Impact on suppliers and customers
Suppliers will, naturally, be considering how events may impact on them and their supply chain. Some of the potential impacts of a ‘hard’ Brexit are, by now, well-rehearsed, but include:
- Changes to arrangements for freedom of movement of workers, and freedom to provide services
- Trade tariffs on imports or exports
- Changes in the law
- Changes to licences and consents, both within and outside the EU
- Changes to currency exchange rates
- Other financial factors, such as changes to consumer spending or borrowing costs
These factors may well influence the profitability of key commercial agreements, or even make it impossible for businesses to perform their obligations under those agreements at all. The risk of not ensuring that commercial arrangements address Brexit is that the parties will be required to continue to perform their obligations in full, even if doing so has become commercially unattractive or impossible as a result of Brexit-related events. This may lead to breach of contract, claims for damages and termination for default. While it is open to parties to argue that in such circumstances a contract has become “frustrated” as a result of Brexit (i.e. impossible to perform), it is difficult to guarantee that this will be the case and a safer course is to address key concerns now.

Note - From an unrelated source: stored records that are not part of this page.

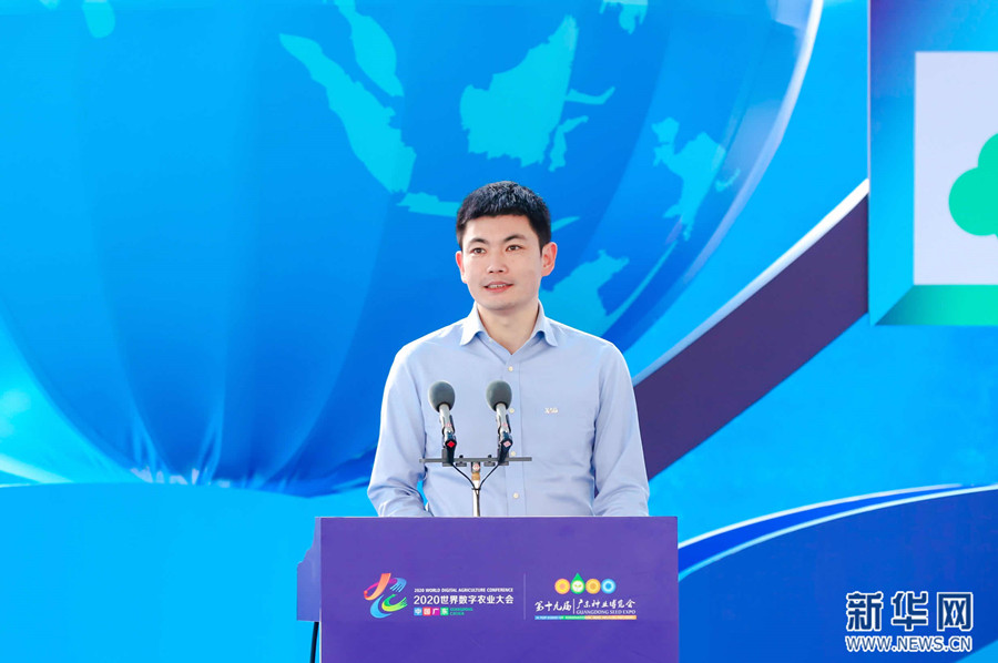 广州极飞科技有限公司创始人兼CEO彭斌在2020数字农业大会开幕式上发言。新华网发
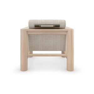 With a pillared Natural Oak frame, softly contrasted by a tactile fabric that introduces a subtle stripe pattern. Decorative metal plate behind head roll finished in Lucent Bronze Metallic Paint.
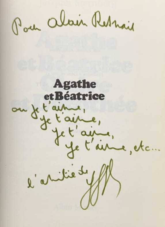 Paris Albin Michel 1979 1 vol. broché in-8, broché, 312 pp. Édition originale enrichie d'un envoi autographe signé au cinéaste Alain Resnais. Joint : un article de presse (3 mai 1979) sur l'ouvrage, intitulé "Jacques Sternberg, le malchanceux". Exemplaire provenant de la bibliothèque d'Alain Resnais.
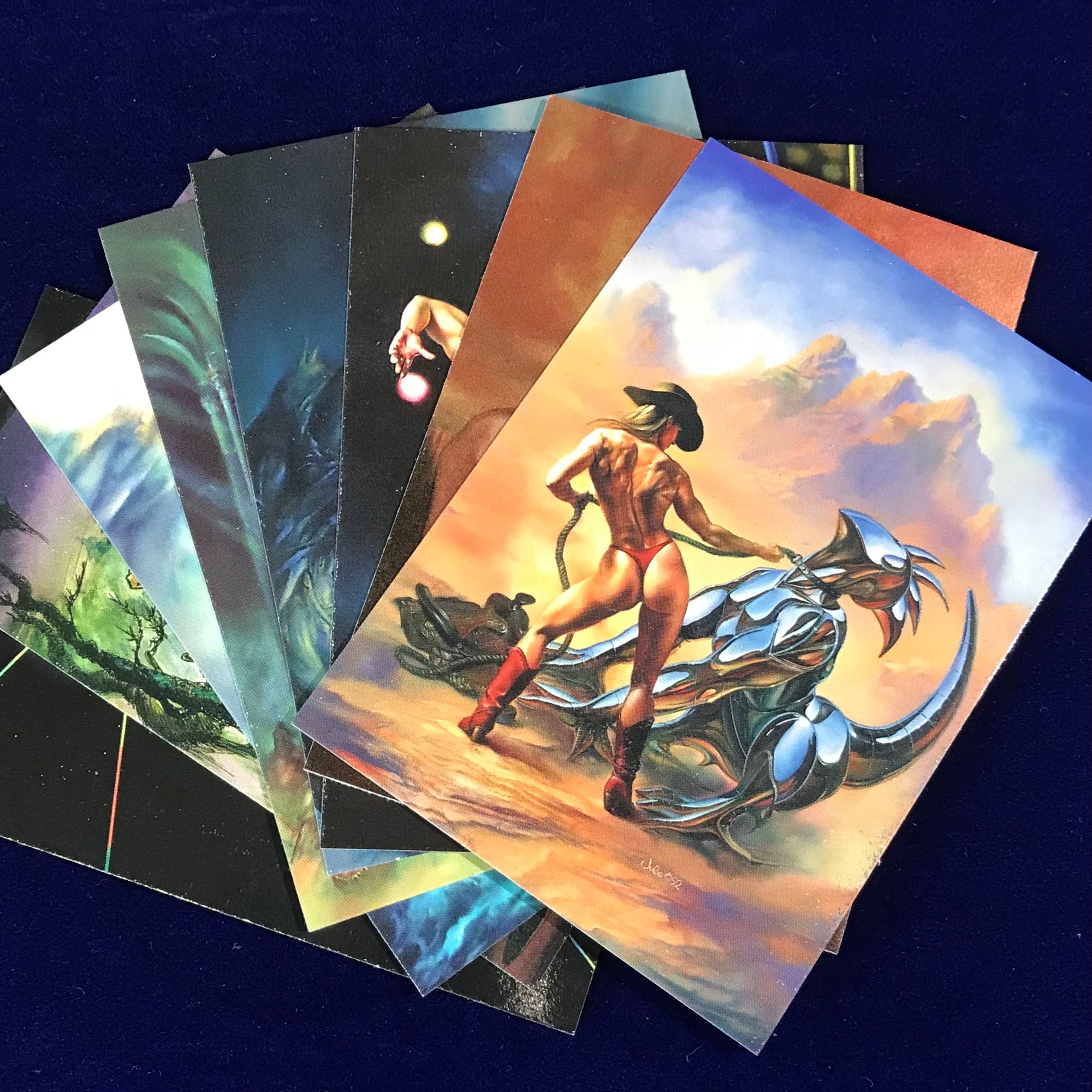 Original unopened 1994 vintage new stock trading card packs! Each pack contains 7 regular cards & 1 tekchrome card featuring the illustrations of fantasy art master Julie Bell. Card dimensions are 2.5"x3.5". Contains mature subject matter.
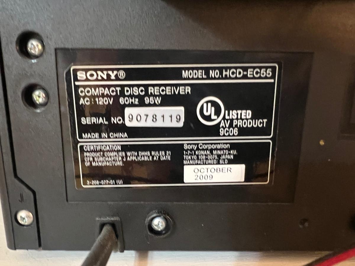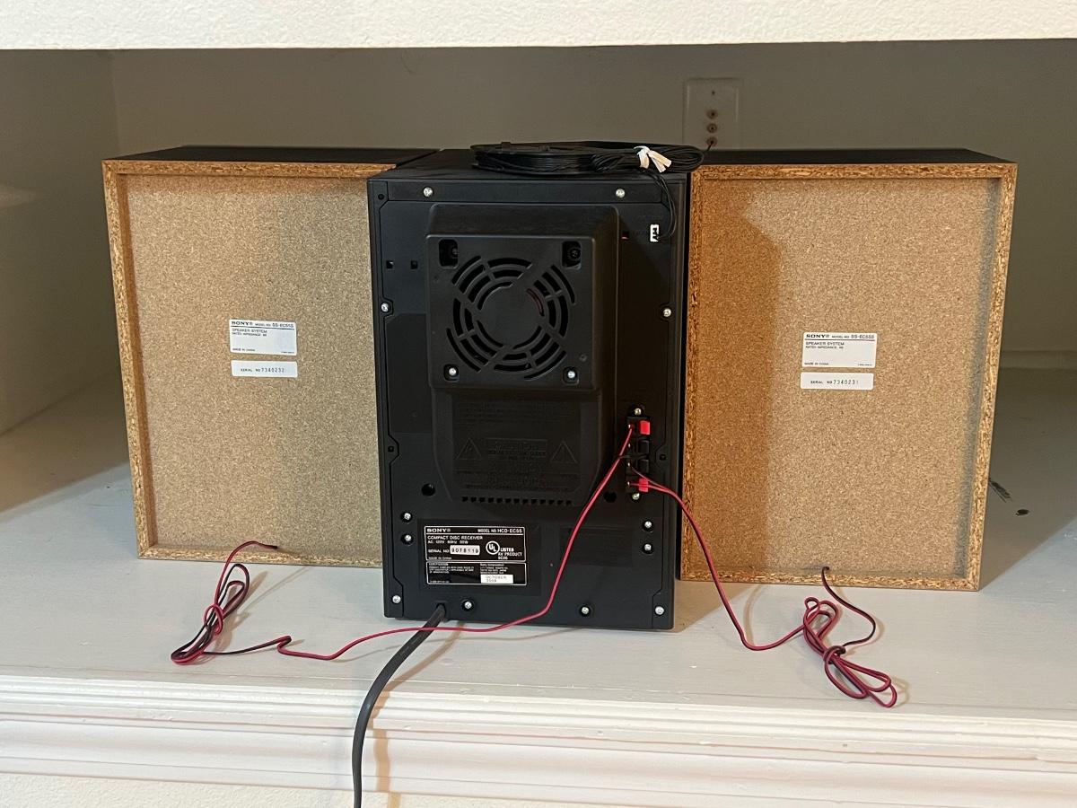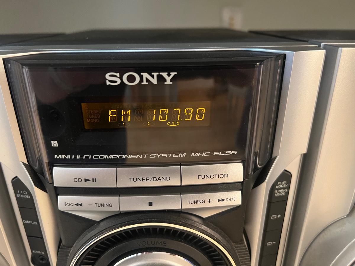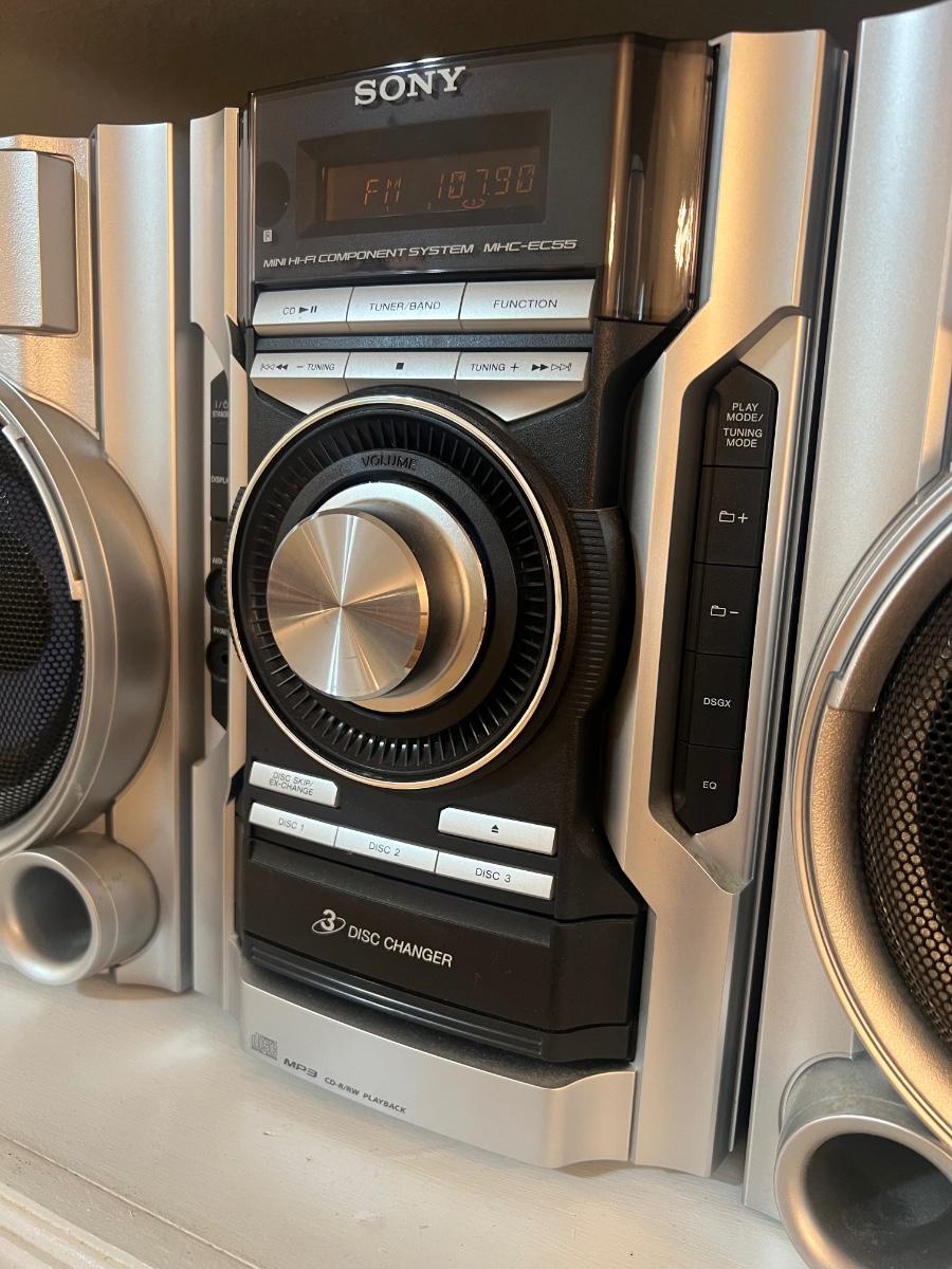 Model MHC-EC55. Tested and works as it should. 25in. wide and 12in. tall. Middle is 8-1/2in. wide and speakers are 8in. wide by each.
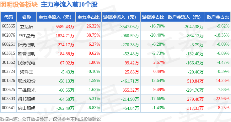 从资金流向上来看,当日照明设备板块主力资金净流入6826.1万元,游资资金净流出4870.09万元,散户资金净流出1956.01万元。照明设备板块个股资金流向见下表:
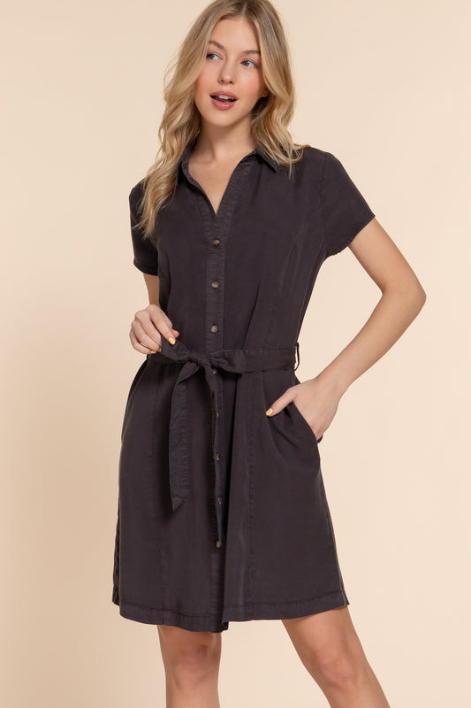 D8084AB SHORT SLV BELTED TENCEL SHIRT MINI DRESS
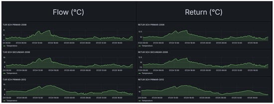 Specific testing was conducted during several months of data collection, preprocessing, and analysis to pursue the goals of accuracy, integrity, and reliability for the acquired information, as well as ensuring operational dashboards for the monitorization of the diverse data acquisition points. Data transmission integrity, consistency, and interoperability tests constituted a crucial step in obtaining the finalized solution, cross-checking and confirming timestamps and values collected from the various sources with the legacy systems’ sensor readings, and monitoring data streams to confirm no data points are missing.
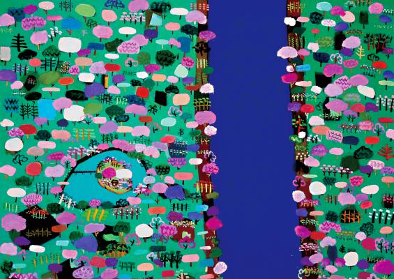 塗りののびやかさ、点描画に近い筆の置き、折れそうに細い線の密集。油絵具によって具象も抽象も自由にミックスされた大谷太郎氏の絵画世界は、おとぎ話のグラフィカルなワンシーンのようです。ふんだんな色づかいは暖色と寒色の均衡などにとらわれず、モザイク配置で躍り上がるような色とその印象のぶつかり合いが脳内を揺さぶって、日常生活から遊離する楽園感覚を味わわせます。その一方で、情熱的な密度の描き込みパワーに押されるうち、彼が感じた光景が確かにうっすらと想像され、絵から帰納して私たちの心にすっきり落ち着く。そんな得がたい体験に包まれています。
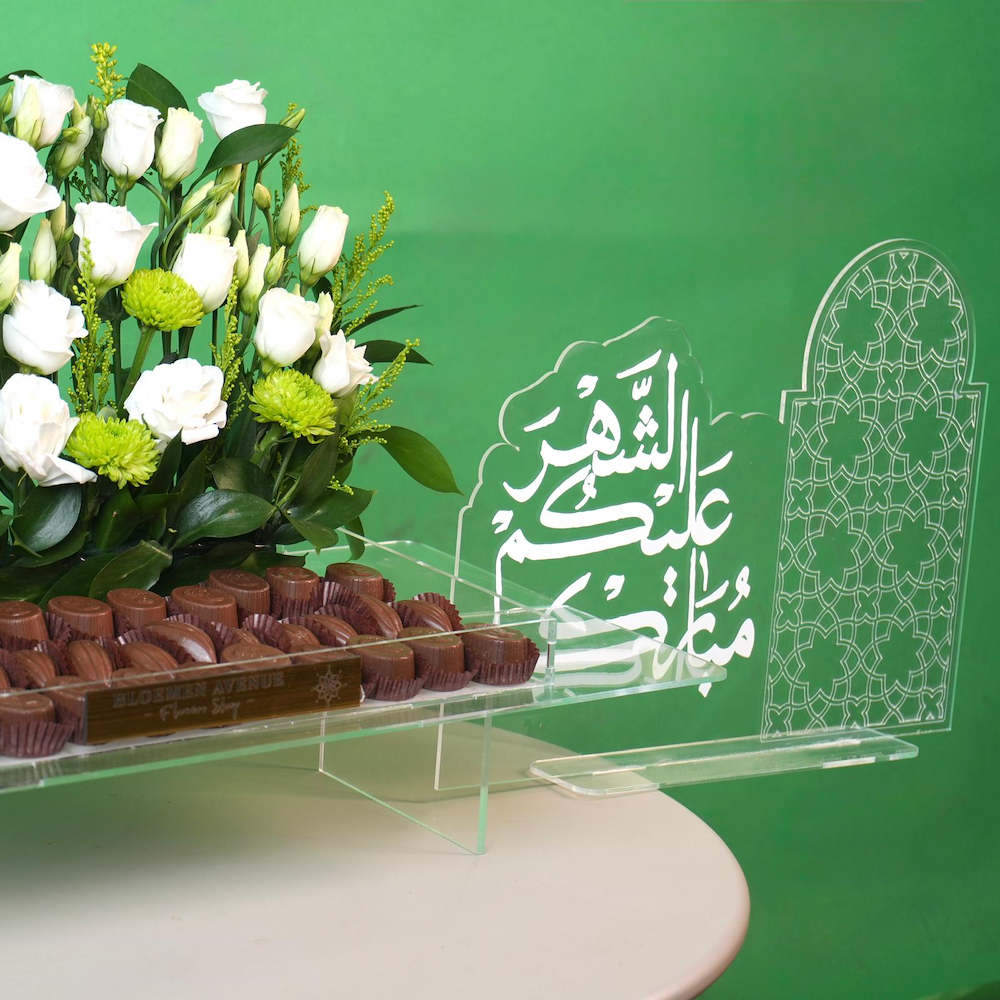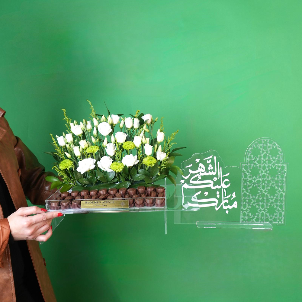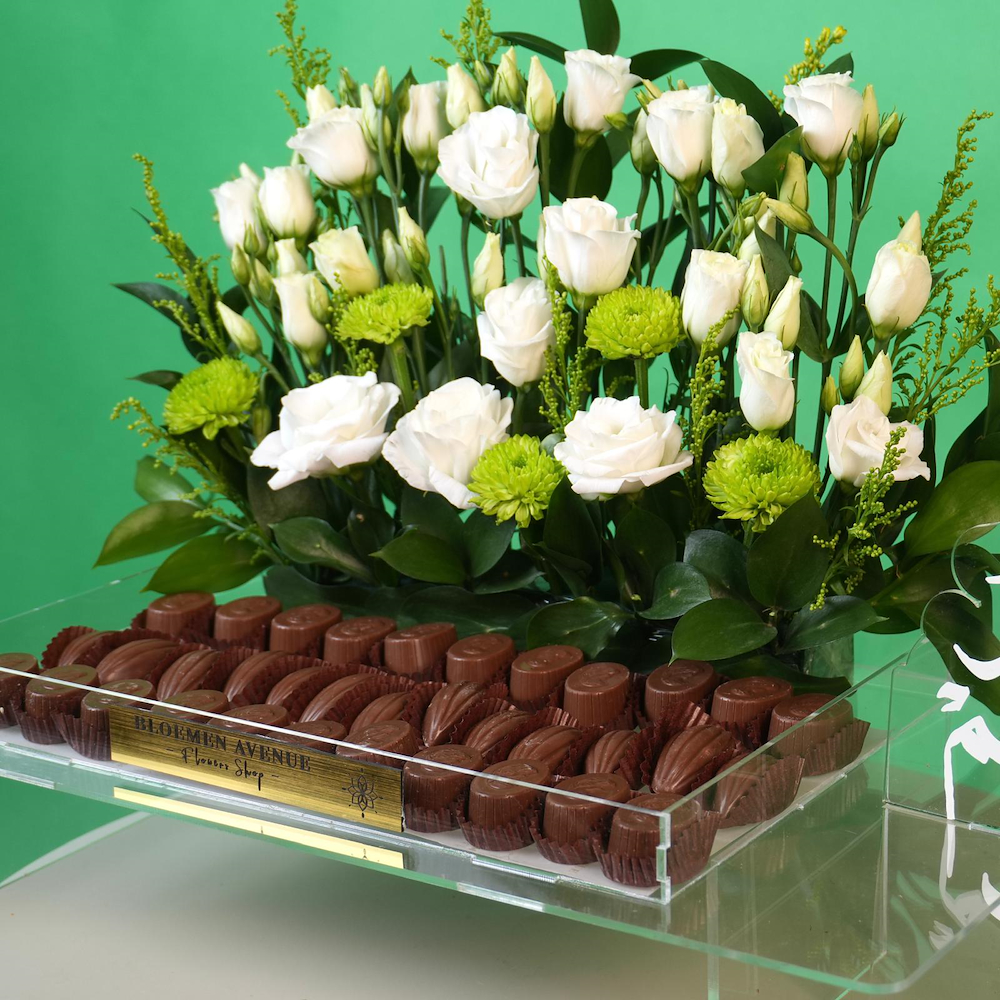 A tray containing white lisianthus and green chrysanthemums, with half a kilo of chocolate.
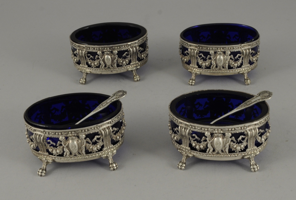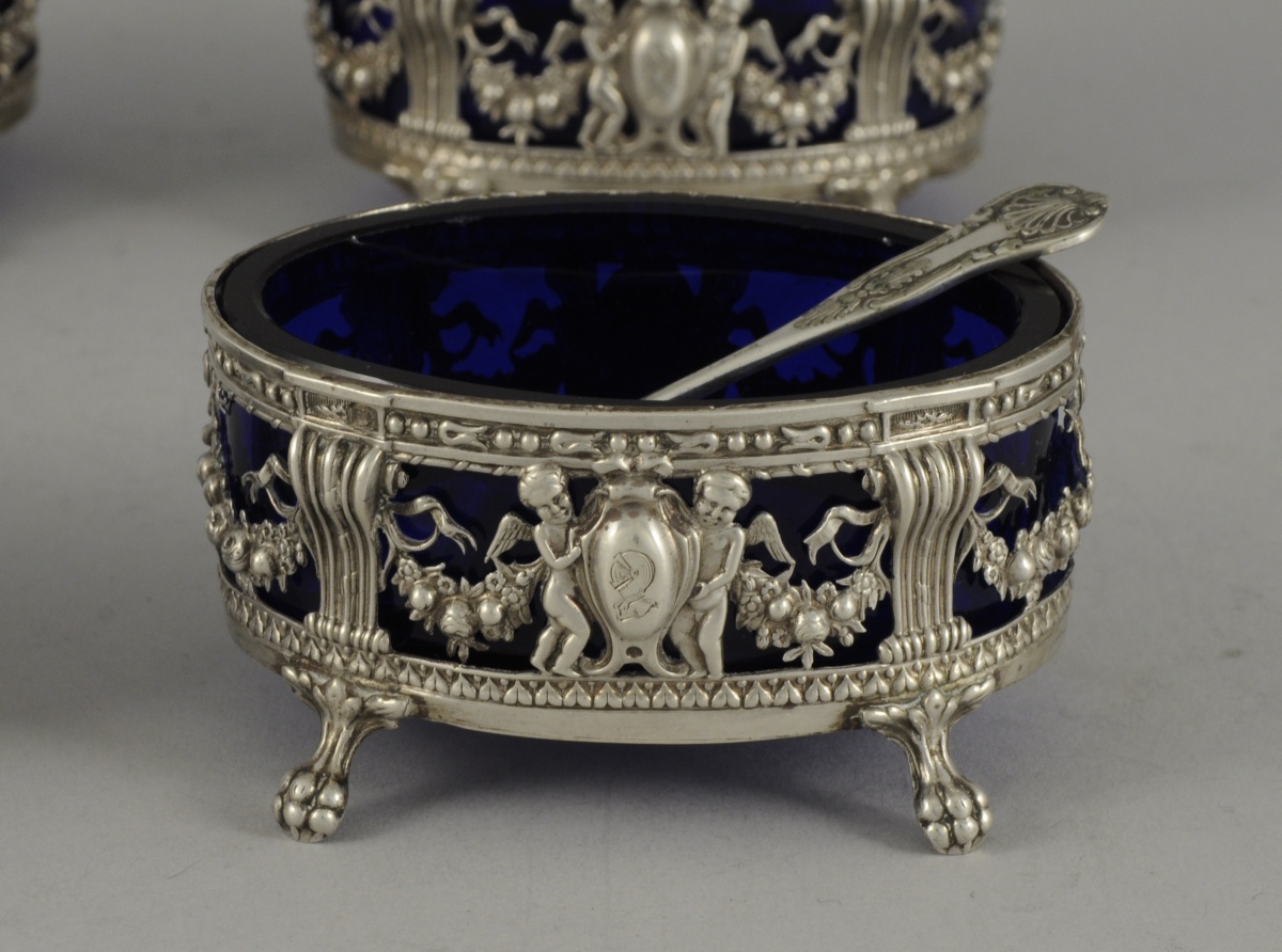 Suite de 4 SALERONS de forme ovale en argent à décor au repoussé d'angelots soutenant un écu gravé d'un heaume, guirlandes de fruits, rubans et consoles cannelées. Ils posent sur quatre pieds griffes. Intérieur en verre bleu.
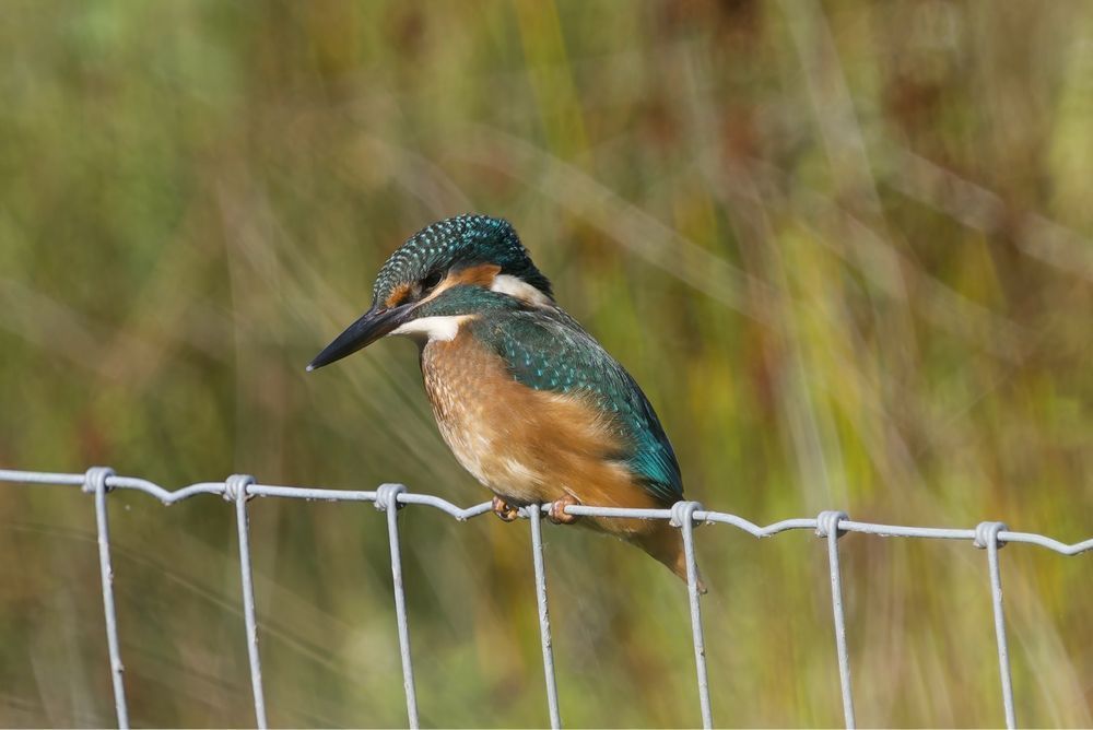 A beautiful Kingfisher perched on a wire fence, showing its vibrant blue-green and rufous plumage. A natural, blurred green and brown background enhances the subject. Please visit www.lukehaigh.co.uk. #Birds #lukehaigh #birdphotography #photography

Will current contractual arrangements provide any reassurance?
Many businesses rely on standard form terms and conditions including clauses which may already offer some comfort. For example, supply agreements (standard form or otherwise) sometimes contain a force majeure clause, which states that a party may be excused a breach of contract where the breach is caused by a factor outside their control, which has made performance of its obligations impossible. However, unless force majeure clauses specifically reference Brexit, they may not be particularly helpful. This is because an event is only outside the control of a party if the party has taken all reasonable steps to avoid its operation or mitigate its results. If Brexit was a possibility when the contract was entered into, it could be argued that the parties could (and should) have planned for its effects.
Such contracts may also have material adverse change clauses, allowing a party to walk away from the contract if they suffer some form of detrimental effect, which may potentially offer a degree of comfort.
What changes should businesses be considering?
Businesses will need to consider a range of additional commercial factors when agreeing contractual arrangements, such as the inclusion of a ’Brexit clause’ into standard terms and conditions and bespoke contracts to cater for specific identifiable issues that might arise. A Brexit clause will commonly work by identifying a trigger event such as a particular change in the law, and then either give the parties the ability to renegotiate some or all of the contract, or terminate it in its entirety. Alternatively, it may seek to specifically apportion risk of such a circumstance occurring to a particular party.
The incorporation of a Brexit clause within commercial contracts will not guarantee that a commercial arrangement will be “Brexit proof”. However, it is a measure that can be adopted to potentially mitigate some of the effects of Brexit.
This article outlines the position under UK law. The legal position may well be different if contracts are to be interpreted in accordance with the law of other jurisdictions.